**Source data**
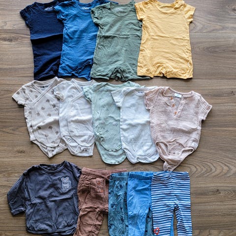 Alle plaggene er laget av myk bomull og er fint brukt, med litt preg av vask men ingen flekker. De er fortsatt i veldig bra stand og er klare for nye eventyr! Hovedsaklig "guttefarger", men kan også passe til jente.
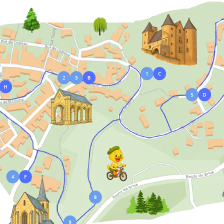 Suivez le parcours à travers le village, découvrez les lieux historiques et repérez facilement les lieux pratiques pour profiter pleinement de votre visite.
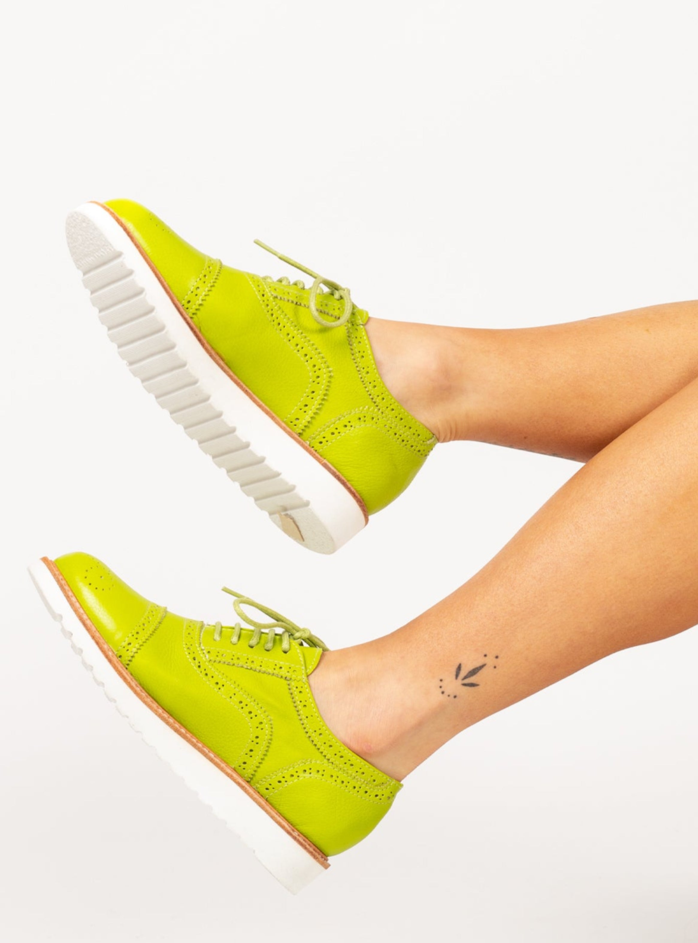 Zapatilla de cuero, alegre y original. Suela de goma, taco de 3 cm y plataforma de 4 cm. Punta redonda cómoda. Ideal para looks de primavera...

**Task prompt**
All of the data must be given again exactly, without the pictures.

**Task result**
 Alle plaggene er laget av myk bomull og er fint brukt, med litt preg av vask men ingen flekker. De er fortsatt i veldig bra stand og er klare for nye eventyr! Hovedsaklig "guttefarger", men kan også passe til jente.
 Suivez le parcours à travers le village, découvrez les lieux historiques et repérez facilement les lieux pratiques pour profiter pleinement de votre visite.
 Zapatilla de cuero, alegre y original. Suela de goma, taco de 3 cm y plataforma de 4 cm. Punta redonda cómoda. Ideal para looks de primavera...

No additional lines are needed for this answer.